The company will acquire rights to search as many as 10 layers of oil- and gas-soaked rock beneath an 80,000-acre swath in Oklahoma for $1.9 billion, it said Monday in a statement. The company will acquire rights to another 253,000 acres in the Powder River Basin in Wyoming for $600 million.

Moody’s Investors Service and Standard & Poor’s placed Devon debt under review for downgrade. Devon will be increasing indebtedness to finance the deal at a time when it’s already squeezed by low energy prices, S&P analyst Ben Tsocanos said in a note to clients. Devon may be overpaying for the assets, John Gerdes, an analyst at KLR Group, said in a note to clients.

“The transactions should have a negative value impact due to the elevated purchase prices,” Gerdes said.

Shares Plunge

Devon plunged the most in seven years. The transactions will be funded with about $1.35 billion of Devon equity and about $1.15 billion of cash, according to the statement. The cash portion initially will come from debt, Gretchen French, a Moody’s analyst, said in a report.

Devon is expanding in the so-called Stack region, a cluster of oil fields where it has been drilling horizontal wells that stretch for 2 miles (3.2 kilometers) for less than $8 million each, down from about $14 million a year ago, according to a presentation on its website. The Powder River assets have “massive upside” of several billion barrels of crude yet to be tapped.

Shares fell 10 percent to $36.44 in New York for the biggest daily drop since November 2008.

“Levering up in this environment will not be well-received,” David Tameron, an analyst at Wells Fargo Securities LLC, said in a note to clients after the deal was announced.

OPEC’s Call

Oklahoma City-based Devon has almost doubled the proportion of its output from oil in the past two years to 41 percent as of Sept. 30, according to data compiled by Bloomberg.

The announcement came as oil extended a decline below $40 a barrel following OPEC’s Dec. 4 decision to maintain production at 31.5 million barrels a day. West Texas Intermediate, the U.S. crude benchmark, dropped 5.8 percent to $37.65 in New York, a six-year low.

“These acquisitions materially core up our position in two of the best emerging North America development oil plays,” Chief Executive Officer Dave Hager said.

Devon is paying about $19,800 an acre for the Oklahoma drilling rights and $1,150 in the Wyoming fields, Gerdes estimated. The Stack drilling rights comprise the area’s “geologic sweet spot,” Bloomberg Intelligence said last week.

Pipeline Assets

Devon said it is also marketing its Access Pipeline in Canada and plans to monetize various upstream assets across its portfolio. The company plans to divest wells pumping the equivalent of as much as 80,000 barrels a day by the end of next year.

The pipeline and oil field disposals will generate $2 billion to $3 billion, which the company will use to “strengthen its financial position,” Devon said.
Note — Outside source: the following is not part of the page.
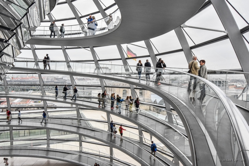 Зачем всё это нужно. Наверное, весь мир обошли кадры, сделанные в 1945 году на куполе рейхстага. Тогда советским солдатам пришлось совершить подвиг, чтобы дойти до Берлина и установить красное знамя над символом враждебной страны. Сейчас ни воевать, ни совершать героических деяний для подъёма на купол Рейхстага не потребуется. Достаточно приехать в Берлин и грамотно спланировать своё пребывание. Правда, и Рейхстаг уже не тот, что раньше. В 1990 году началась реконструкция здания, в ходе которой форма купола была полностью видоизменена. С другой стороны, туристы от этого только выиграли, потому что новый стеклянный купол, созданный Норманном Фостером, дал им возможность посетить смотровую площадку, откуда можно полюбоваться окрестностями, а заодно посмотреть, как проходят заседания немецкого парламента. Я, как, наверно, все посетители, чувствовал себя во время экскурсии надзирателем за депутатами, глядя на зал заседаний с высоты.

Separately, EnLink Midstream Partners LP and its general partner, EnLink Midstream LLC, agreed to acquire Tall Oak Midstream LLC, a portfolio company for EnCap Flatrock Midstream, for $1.55 billion, according to the statement.

Tall Oak has assets including gathering pipelines and natural gas processing plants in the same Oklahoma areas where Felix acreage is located. Devon controls EnLink Midstream LP through a 70 percent stake in the general partner. The limited partnership will pay cash in installments for an 84 percent stake. The general partner will issue common units to buy its stake, according to the statement.

Moody’s said it may reduce debt to junk at EnLink Midstream Partners, calling the price high and citing risk that the Tall Oak system, yet to be completed, won’t carry as much gas and oil as expected. Moody’s placed EnLink’s $2.8 billion of Baa3 debt on negative outlook.